● EXCERPTED RECORDS
===

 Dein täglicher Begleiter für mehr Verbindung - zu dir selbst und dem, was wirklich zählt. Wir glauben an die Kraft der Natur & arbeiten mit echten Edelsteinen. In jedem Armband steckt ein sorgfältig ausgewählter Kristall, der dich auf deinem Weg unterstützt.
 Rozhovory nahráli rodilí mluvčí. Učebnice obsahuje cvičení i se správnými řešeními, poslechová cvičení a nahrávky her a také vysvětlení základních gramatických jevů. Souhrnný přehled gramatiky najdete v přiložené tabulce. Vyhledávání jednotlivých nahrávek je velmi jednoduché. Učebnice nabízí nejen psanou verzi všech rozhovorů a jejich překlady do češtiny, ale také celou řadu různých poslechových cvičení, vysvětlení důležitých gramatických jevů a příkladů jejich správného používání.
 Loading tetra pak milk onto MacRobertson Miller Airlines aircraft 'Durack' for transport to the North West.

===

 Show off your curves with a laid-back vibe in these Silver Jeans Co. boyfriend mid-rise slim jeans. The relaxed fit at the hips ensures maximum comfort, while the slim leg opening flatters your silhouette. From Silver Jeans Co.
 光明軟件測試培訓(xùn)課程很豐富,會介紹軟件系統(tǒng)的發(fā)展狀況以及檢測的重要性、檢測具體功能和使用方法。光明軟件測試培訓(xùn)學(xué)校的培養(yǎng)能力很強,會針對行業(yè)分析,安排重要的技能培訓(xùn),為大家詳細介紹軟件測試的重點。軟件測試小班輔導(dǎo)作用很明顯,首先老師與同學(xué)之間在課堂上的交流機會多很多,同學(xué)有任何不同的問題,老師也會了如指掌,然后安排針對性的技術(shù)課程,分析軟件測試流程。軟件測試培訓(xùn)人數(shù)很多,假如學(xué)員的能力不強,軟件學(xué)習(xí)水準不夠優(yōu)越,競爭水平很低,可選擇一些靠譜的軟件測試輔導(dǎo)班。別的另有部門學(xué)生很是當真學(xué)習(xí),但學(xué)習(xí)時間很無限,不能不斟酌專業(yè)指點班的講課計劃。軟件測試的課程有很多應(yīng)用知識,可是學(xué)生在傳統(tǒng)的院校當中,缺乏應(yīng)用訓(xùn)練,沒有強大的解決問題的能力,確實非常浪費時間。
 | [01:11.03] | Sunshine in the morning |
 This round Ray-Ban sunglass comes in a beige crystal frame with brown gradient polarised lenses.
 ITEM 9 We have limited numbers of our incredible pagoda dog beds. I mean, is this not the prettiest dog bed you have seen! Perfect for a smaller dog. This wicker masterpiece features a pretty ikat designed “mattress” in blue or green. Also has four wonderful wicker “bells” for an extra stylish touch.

===

● TRY IT
The lines you need are those holding the word "with"; copy each of them from the material above.

● TASK SOLUTION
 Show off your curves with a laid-back vibe in these Silver Jeans Co. boyfriend mid-rise slim jeans. The relaxed fit at the hips ensures maximum comfort, while the slim leg opening flatters your silhouette. From Silver Jeans Co.
 This round Ray-Ban sunglass comes in a beige crystal frame with brown gradient polarised lenses.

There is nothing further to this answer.